About

I make things for screens.

It doesn't matter whether I'm designing for a stage, a piece of paper, or a screen — it's all about consciously creating an experience for another person, and then presenting it to them. I've been doing just that for over 20 years.

It was in 1996 that I first began creating websites. My best-known work was designing and creating the new default theme for Drupal 7, named Bartik. I'm currently obsessed with HTML5 and have been spending a lot of time digging into the possibilities of the newest web technology, contemplating it's implications for design. You might know me from my recent presentations to the Drupal community leading the effort to get the beloved software to generate HTML5.

I currently work a senior developer at Palantir.net, where I spend most of my day doing front-end development and architecting Drupal sites.

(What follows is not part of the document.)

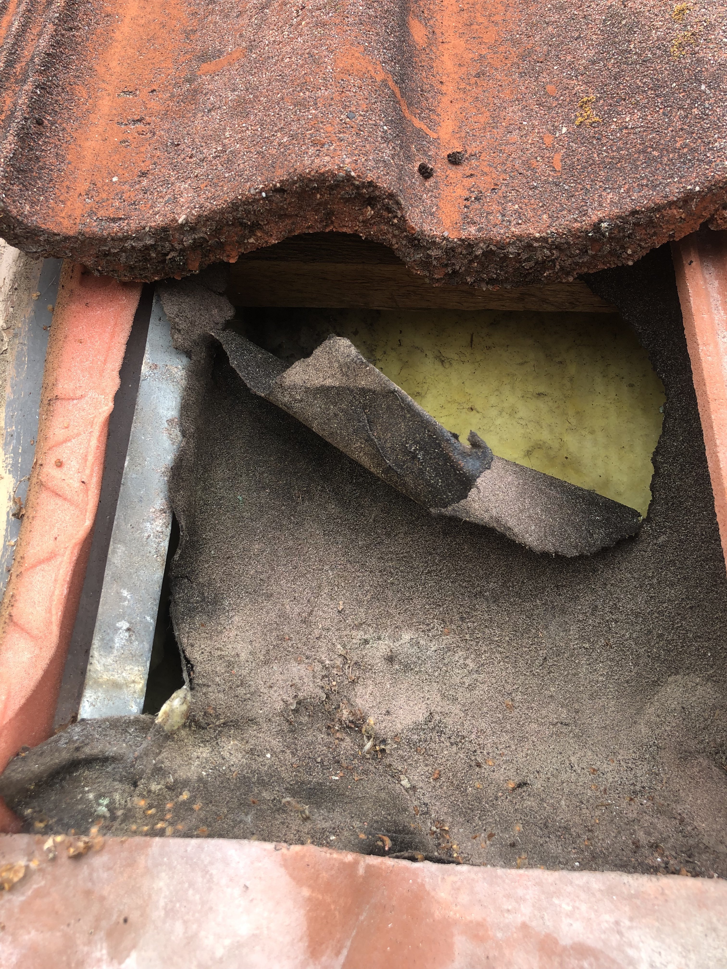 Ich habe heute einmal 4 Dachziegel abgenommen um zu schauen was mich unter den Ziegeln überhaupt erwartet (Zustand der Dämmung und Unterspannbahn).

Besides designing for the web, I spent almost twenty years designing for live performance and for print. I started making things printed on paper in 1989, and over the next decade I created thousands of postcards, posters, small books, bumper stickers, t-shirts, brochures and the like.

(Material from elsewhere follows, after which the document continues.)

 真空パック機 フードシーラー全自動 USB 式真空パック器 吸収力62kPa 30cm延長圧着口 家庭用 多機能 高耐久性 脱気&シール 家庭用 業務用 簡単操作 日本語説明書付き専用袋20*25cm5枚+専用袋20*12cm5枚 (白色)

Through the 1990s and 2000s, I designed lighting, sets, and sound for numerous performing artists, including Peggy Shaw, Lourdes Pérez, Gloria Anzaldúa, Beto Araiza, Sandra Cisneros, Paul Bonin-Rodriguez, and Cherrie Moraga. My work was commissioned by theaters including PS122 (NYC), Gloucester Stage Company (Boston), Highways Performance Space (Los Angeles), Guadalupe Cultural Arts Center (San Antonio), Jump-Start Performance Co. (San Antonio), and the Vortex Theater (Austin). Most notably, I designed and created seven-channel projections for Violet Fire, Jon Gibson and Miriam Seidel's opera about Nikola Tesla. Performed by a Serbian cast and orchestra, Violet Fire opened in Belgrade, Serbia for the Royal celebration of Tesla's 150th birthday, and traveled to New York for the 2006 BAM Next Wave Festival.

I also directed several short films which screened at over a hundred film festivals around the globe, including Resfest, Media That Matters, Frameline, International Film Festival Rotterdam, OutFest and NewFest. Called by WFAA TV in Dallas “a brilliantly spliced national address that turns the commander in chief into a dove,” Bush for Peace (2003) played online to more than 150,000 viewers in the era before YouTube popularized online video. Inclinations (2005), a romantic coming-out comedy, was acquired by MTV.

I taught as an Adjunct Professor for three years at Temple University’s Department of Film and Media Arts, where I also earned an MFA degree. Before that, I was an Media Arts Instructor at the award-winning Say Sí: San Antonio Youth Yes, teaching video-game design, digital collage, and filmmaking to high-school students. These days I love to present at conferences, and teach wherever I can.